In 1992, Larramendi publishes Utopía de la Nueva América, a result of his fascination with the American continent; the key thesis was that Latin America and Anglo-America be combined to create a new cultural entity. In the mid 1990's, he begins his opus magnum, a series of five volumes, conceived as a response to the perceived threats of global imbalance, disintegration of Europe and fragmentation of Spain; it was supposed to advance a proposed “operating reform of the Spanish State” but also to resolve problems of a general nature. The series finally ended up in three books, of almost 750 pages in total: Crisis de sociedad: reflexiones para el siglo XXI (1995), Panorama para una reforma del estado (1996) and Bienestar solidario (1998). They were all holistic and at the same time quite detailed attempts, to redefine the main public institutions in line with the vision of Christian solidarity; Crisis de sociedad tends to be a more historical and theoretical book, Panorama para una reforma del estado discusses key state operating areas, while Bienestar solidario focuses on major public structures, especially those related to education, work and insurance.
His most popular book was Así se hizo MAPFRE (2000), where he talks about the history of the company with a fairly wide background of his personal life and of the overall social and business environment.
Finally, the introduction to the FHLVirtual Libraries published in Madrid in 2001 and reprinted in 2002 and enlarged and corrected in 2005 and 2008 contains a declaration of principles where it exposes the why of the FHL Virtual Libraries and where it says:
1. Regardless of the cultural, historical and humanistic issues, this plan is important due to its use of modern technology and is an advance over other similar ones perhaps from over the world. Its axis will be the FHL Virtual Libraries, in which these objectives re integrated.
2. Their objectives are inspired in those I have had during my whole business and institutional life, and on my family’s action principles.

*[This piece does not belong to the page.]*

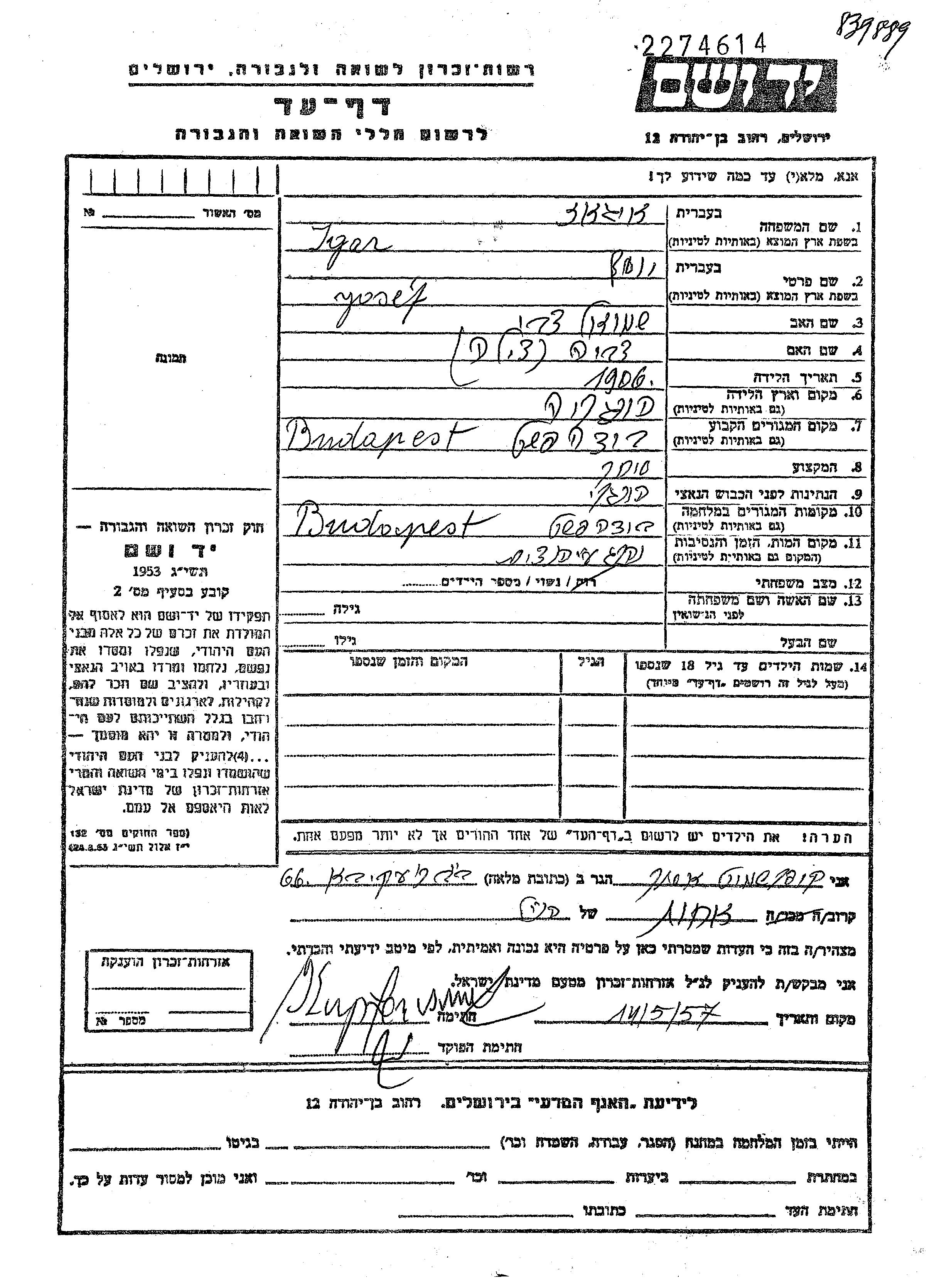 Игаз Иосеф 1906 Будапешт, Венгрия Лист свидетельских показаний

3. The contributions of the Hernando de Larramendi Foundation should be considered as seed money for the incorporation of institutions around the world.
4. This project personally assures me unlimited activity in a socially useful work, whilst I retain the capacity to do so.
5. I give thanks to God for the opportunity to provide financial assistance with this purpose, as a result of my effort and business career, which for the most part I destine to this foundation.
Ignacio Hernando de Larramendi y Montiano died on 7 September 2001.